Yin and Yang, Water and Fire

Discussion on the three big Chinese internals, Yiquan, Bajiquan, Piguazhang and other similar styles.

Yin and Yang, Water and Fire

Postby Bob on Wed Oct 24, 2012 12:14 pm

http://www.plumpub.com/kaimen/2012/yin- ... -and-fire/

Yin and Yang, Water and Fire

The philosophy of Yin and Yang is certainly not the type of philosophical inquiry of, say, Husserl. The consideration of Yin and Yang is closer to a quotidian philosophy, the kind of thing you can apply to daily existence. By this I do not mean it is superior or inferior, simply different. Philosophy comes in many tastes.

It is a philosophy of layered reality, a series of templates that are laid atop one another. The first layer is Yin and Yang. Pretty much everyone knows that, but few get much beyond it.

Yin and Yang are absolute in the purest sense; like a spaceship matching the speed of life, it is possible to think about ‘it’, but you will never see ‘it’. We need to descend a level to get closer to human life as it is lived. And that means Fire and Water.

In Chinese studies, Heaven and Earth are each represented by a code composed of either three solid or three broken lines. You can think of Heaven as Father and Earth as Mother. They have a number of children, each one also represented in this fashion. The middle male child has a strong feminine side . His quality is water, or the Abysmal, meaning not that he is bad but that he pulls things downward. The daughter who has male traits but is at core feminine is Li, or Fire . Her attribute is to cling, like flames on a log. Where her brother is Solid, she is Beautiful.

Fire and Water are the Yin and Yang of the real world. As symbolic as the Star of David, they have the essential nature of rising and descending, standing stolid and clinging, expanding and contracting. Unlike the Greek elements, they are not so much material as transformational. Dark and bright, cooling and heating, they are the essential qualities which Chinese philosophers believed to be essential to the alchemy of life.

Whether you are into this philosophy or not, it is interesting and sometimes fascinating to see the signs in Kung Fu and know how to read them. For instance, you might walk into a Kung Fu school and see the character for “fire” displayed on the altar, but upside down. What would that mean? First, it illustrates the need to possess the fire required for martial arts, but also to control it, the result of martial training.

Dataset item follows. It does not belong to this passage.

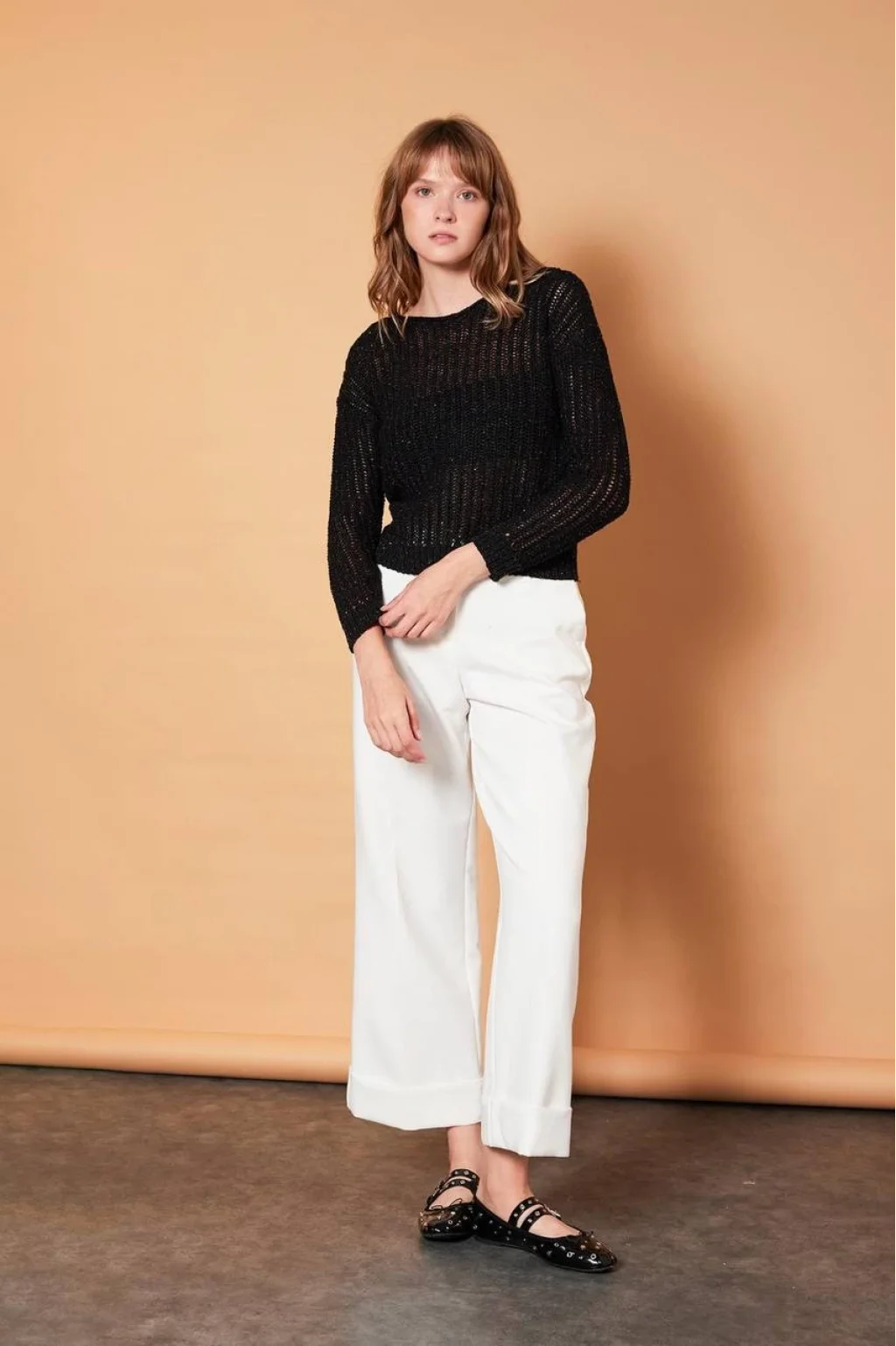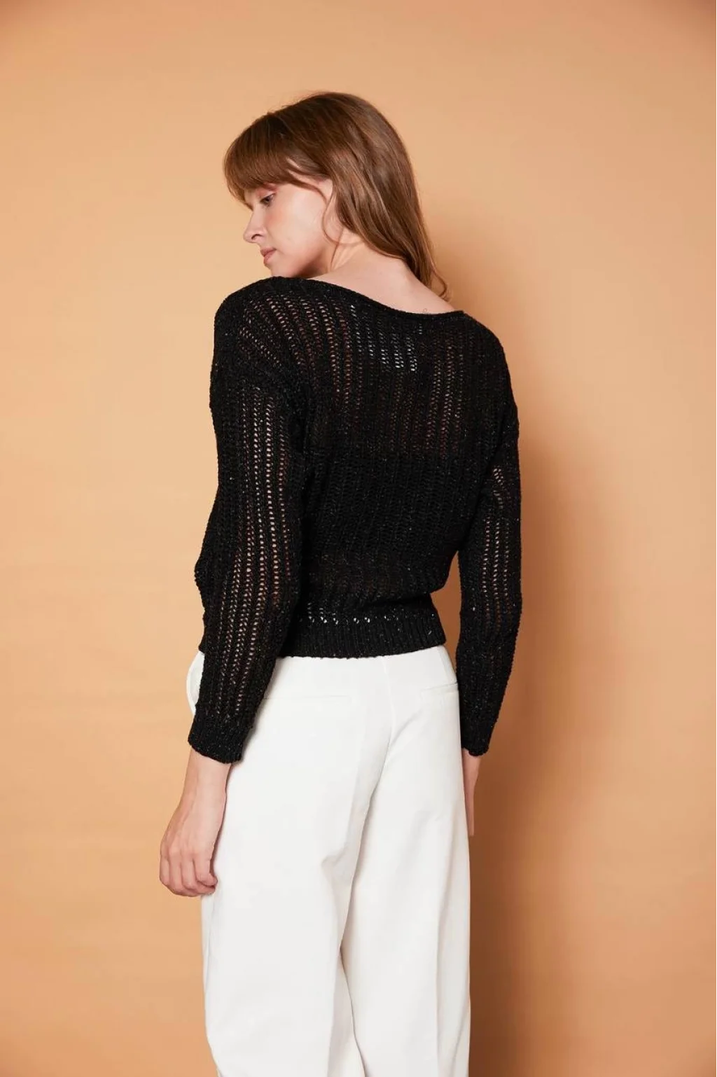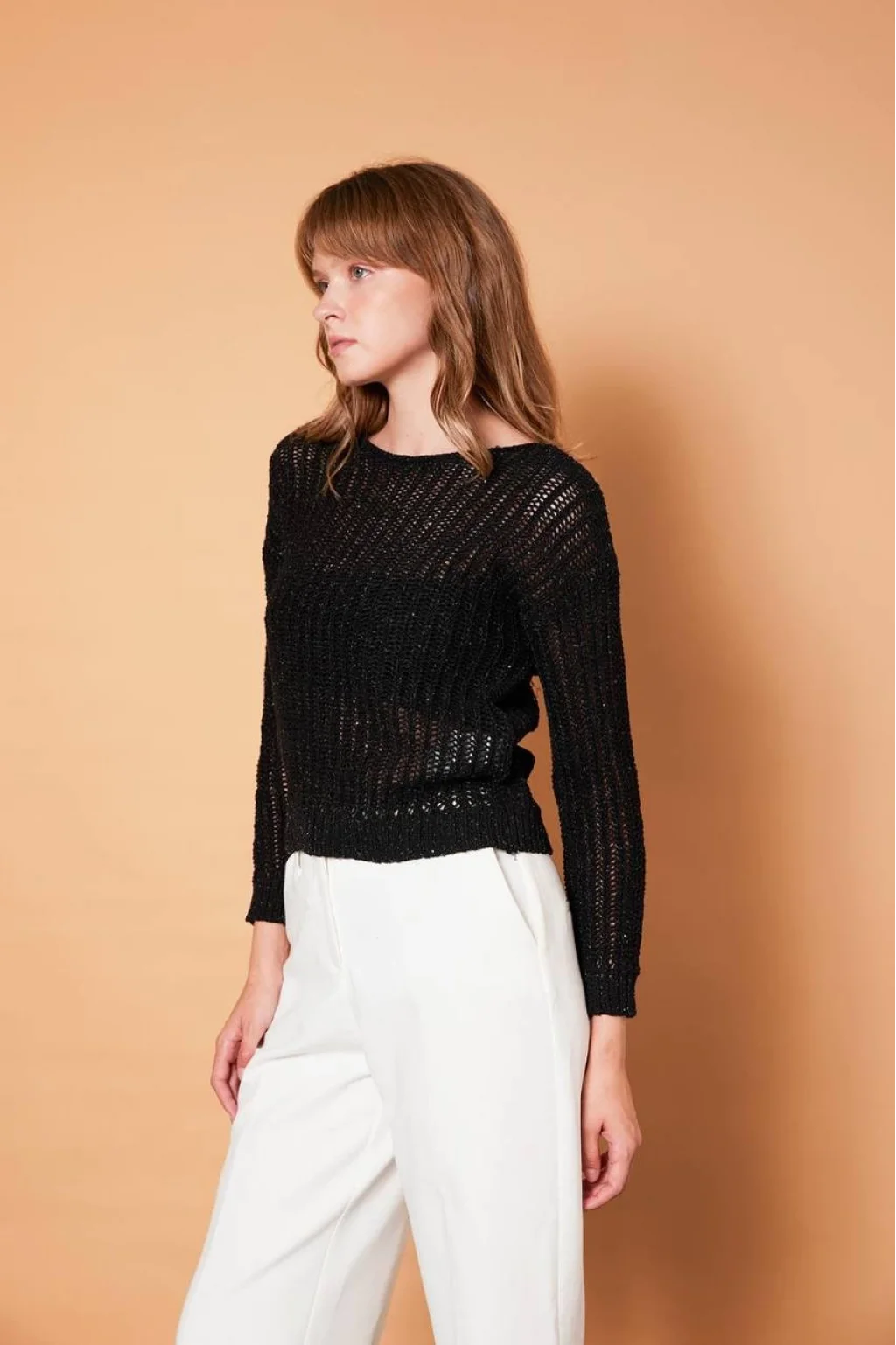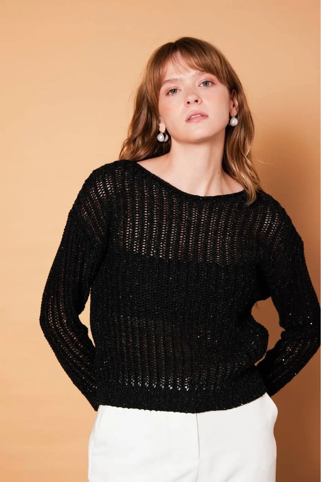 KAYIK YAKA PULLU SİYAH TRİKO KAZAK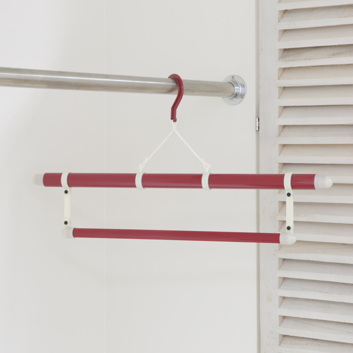 ハンガーを使用しない時は縮めてコンパクトに収納していただけます。小さくなるので持ち運びも簡単です。

Second, it shows that fire which, like a dutiful daughter, wants to return to her father, is seen in Chinese thinking (and pretty much everywhere else) as life “burning itself up.” Kung Fu is said to be one of those arts, like some forms of Qigong, that slows the normal expenditure of vital energy.

Many, many movements and postures are modeled after the fire and water analogy. For example, the heart is seen as a chamber of fire while the kidneys and bladder are “water.” Many advanced standing practices require sophisticated alignment which suppress the chest and raises the pelvis in order to “bring water and fire together,” as in a crucible.

The word Qi itself is constructed out of calligraphic strokes that indicate the action of heated water, or fermenting rice X. All of the changes in Kung Fu—the choice of moves, the ratio of form to function, the attributes of the different weapons—can be seen as elements in this constant round-robin of fire and water.

Getting back to the symbolic approach we can say that if fire and water are brought together in the right way they may exchange their cores, temporarily making them both return to the Heaven/Earth purities. To those who understand this pattern, it is the beginning of a cleansing process, something akin to grace.

Watching a group of Kung Fu students working out, we often see the soft fluid movements almost unintentionally exploding in random outbursts. Harmonizing the fluid and the fiery is an art indeed. In the case of Kung Fu, it is the art within the art.